Commerce

Cook/waitress Marge Moore chats up several Landrum’s customers in Virginia City.

Cook/waitress Marge Moore chats up several Landrum’s customers in Virginia City.

Photo By Dennis Myers

Landrum’s on the Comstock
Renoites visiting Virginia City these days would find a that a one-time landmark of their own hometown has materialized on the Comstock—the Landrum’s Diner.

Named for Lowell Landrum, a Reno, Lake Tahoe and Las Vegas restaurateur and casino investor of the 1940s and early ’50s, the first Landrum’s diner was at 1300 S. Virginia St. in Reno and thrived there for decades. After Landrum’s death on Sept. 21, 1953, his widow, Eunice, sold the tiny seven-seat café to Olive Calvert, who ran it for 30 years during which it became beloved of college students pulling all-nighters. The diner claimed to have originated the chili-cheese omelet.

In the 1980s, the diner unfortunately was “discovered” by folklorists, and it began going in for heavy self-promotion. The facility was declared a historic place, and artists like Roy Powers started doing paintings of it. It began selling Landrum’s T-shirts and publicizing the gruffness of its employees (which increased with the publicity), and it expanded to two new sites. Soon all three locations were troubled. Old No. 1 is now a title company and a second Reno location closed. The Sparks site, now owned by Dave Barker, is still open. The rights to the name are owned by Nick Pereo, according to Barker.

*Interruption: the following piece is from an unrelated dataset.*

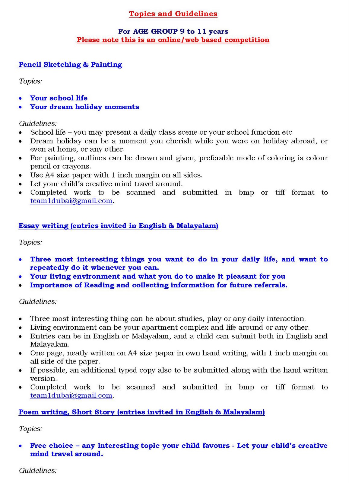· Entries can be in English or Malayalam, and a child can submit both in English and Malayalam.

The new Landrum’s in Virginia City is inside the Mark Twain Casino and is scarcely larger than the original. Marge Moore, who says she worked at No. 1, is the majordomo, but the diner is owned by John Schafer. The Nataqua News quotes Schafer saying he discovered Landrum’s at 2 a.m. one night as a college student and wanted to recreate the cafe’s “sense of cameraderie.”